Crooked Calypso is the third studio album by Paul Heaton and Jacqui Abbott, both formerly members of the Beautiful South. The album was released in the UK on 21 July 2017 by Virgin EMI.

When writing the lyrics for the album, Heaton again retreated to the Netherlands, while the music was written in Gran Canaria together with guitarist Jonny Lexus. The photography for the album was by Sean Welch, the bassist for The Beautiful South.
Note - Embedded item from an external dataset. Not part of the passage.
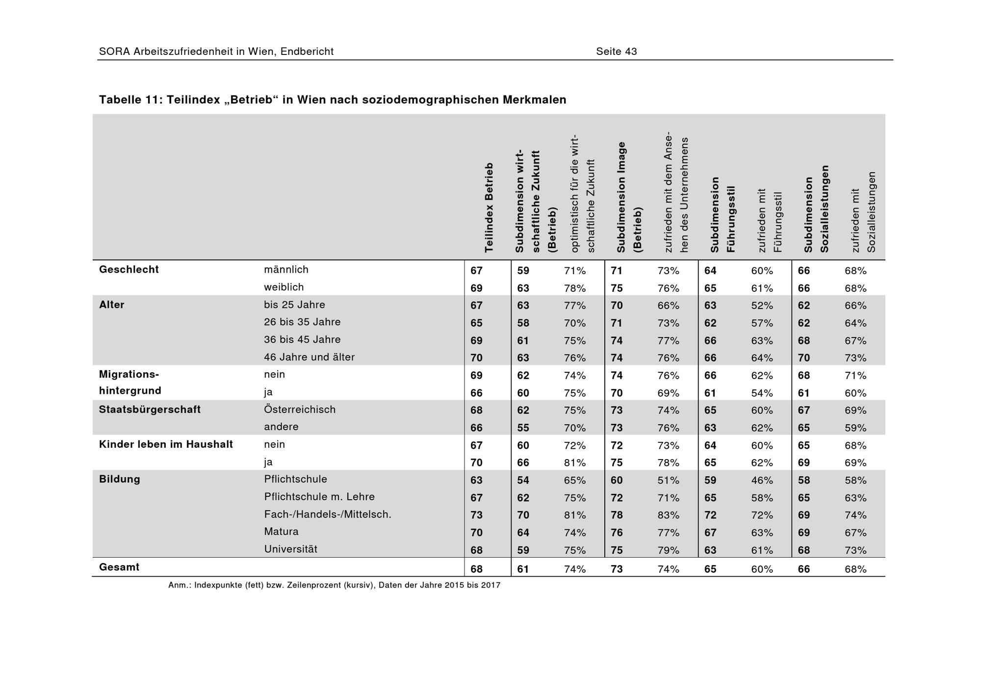 Arbeitszufriedenheit in Wien : Neuauswertung des Arbeitsklima Index: 2015 bis 2017 / Daniel Schönherr ; SORA ; MA 23 - Wirtschaft, Arbeit, Statistik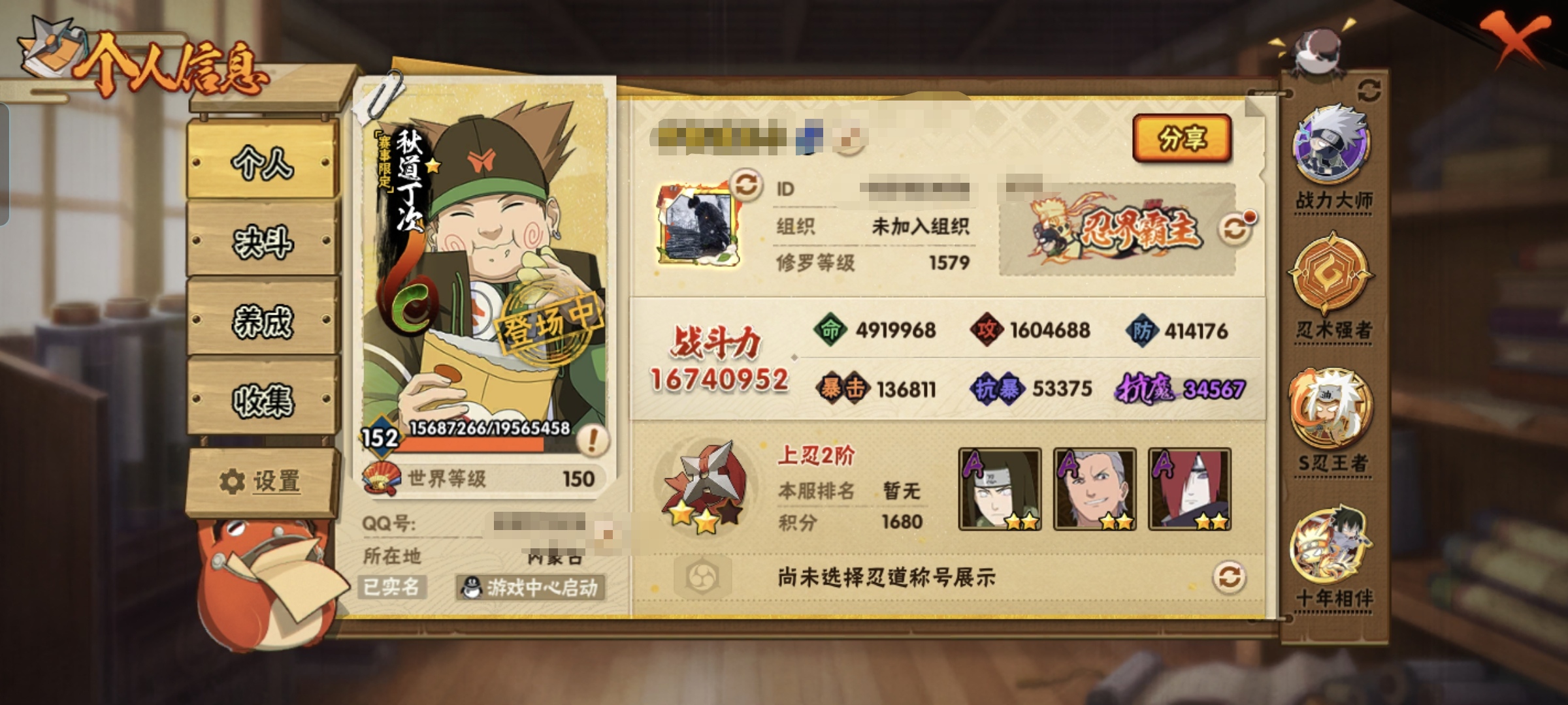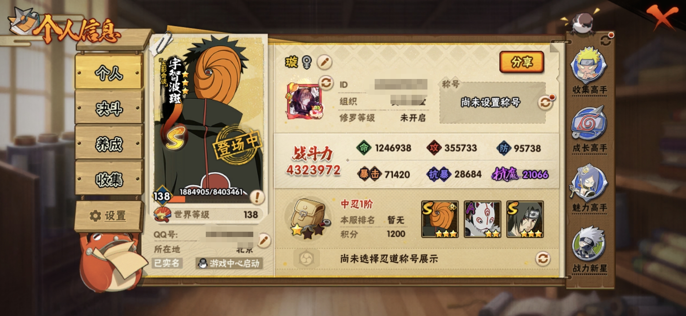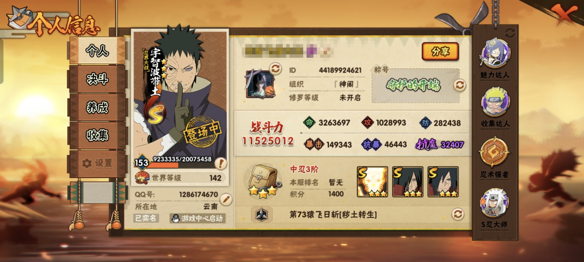 【火影忍者】【lyhy10713】战斗力:1680w;段位:暗部1阶;本服排名:126;vip:v13级;s忍:37个;a忍:51个;通灵兽:19个,s忍:秽土转生解宇智波斑|白面具宇智波斑|忍界大战宇智波带土|秽土转生千手扉间|超佩恩天道|天道佩恩 4星|传说中的三忍自来也|漩涡鸣人宇智波佐助|秽土转生千手柱间|木叶创立宇智波斑|秽土转生宇智波鼬|永恒万花筒宇智波佐助|忍界大战艾|舞之豪杰自来也|大蛇丸(普通) 4星|纲手(普通) 4星|百豪纲手|波风水门 4星|秽土转生波风水门|秽土转生宇智波斑|宇智波斑(普通)|须佐能乎宇智波鼬 4星|神秘面具男(普通)|秽土转生长门|秽土转生半藏|秽土转生金角银角|二代目土影无|三代目雷影艾|四代目风影罗砂|仙人模式药师兜|死门迈特凯|忍界大战大野木|九喇嘛连结漩涡鸣人|猿飞日斩(普通) 4星|秽土转生猿飞日斩|自来也(普通)|暴怒第六尾漩涡鸣人__a忍:青春爆炸迈特凯|仙人模式巳月|忍界大战日向宁次|四代目土影黑土|木叶上忍猿飞木叶丸 3星|青年长门|秽土转生迪达拉|宇智波止水(普通)|不风|忍界大战奇拉比|青年波风水门|青年艾|近松十人卫千代|半蛇斗篷药师兜|须佐能乎宇智波佐助|九尾查克拉漩涡鸣人 3星|暴怒宇智波带土|晓大蛇丸|百豪春野樱|忍界大战秋道丁次|忍界大战我爱罗|秽土转生猿飞阿斯玛|新春限定波风水门|夏日泳装小南|奇拉比(普通)|万花筒写轮眼宇智波佐助|五代目水影照美冥|五代目雷影达鲁伊|死司凭血飞段 4星|角都(普通)|疾风传我爱罗 4星|迪达拉(普通)|飞段(普通) 4星|小南(普通)|漂泊浪客小南|仙人模式漩涡鸣人 3星|万花筒写轮眼旗木卡卡西|迈特凯(普通) 5星|宇智波鼬(普通)|夏日限定宇智波鼬|干柿鬼鲛(普通) 5星|秽土转生桃地再不斩|桃地再不斩|蝎(普通) 5星|绯流琥蝎|猿飞阿斯玛(普通) 5星|桃式显现漩涡博人|六代目水影长十郎|宇智波泉奈|羁绊神农|初始形态机械鸣人__通灵兽:忍犬(普通)|蓝蛇|蛤蟆吉|忍龟|镰鼬|猿魔|山椒鱼|蜃|蛞蝓(普通)|蛤蟆仙人|鲛鲨|蛤蟆健|乌鸦(普通)|蛤蟆龙|砂之守鹤|蛤蟆广|梦貘|鹰|熊猫

A deluxe edition was also available upon the album's release, which included a DVD of a live performance recorded at Scarborough Open Air Theatre on 5 August 2016.

Reception

Crooked Calypso attracted mainly positive reviews upon release. Writing for The Guardian, Rachel Aroesti comments how Heaton delivers "observations about British society's ironies and inequalities" with "gusto, his droll lyricism drilling into subject matter from obesity... and the cavernous divide between rich and poor... over a backing of the kind of jaunty pop that can take in folk, disco and blues without ever breaking its buoyant stride."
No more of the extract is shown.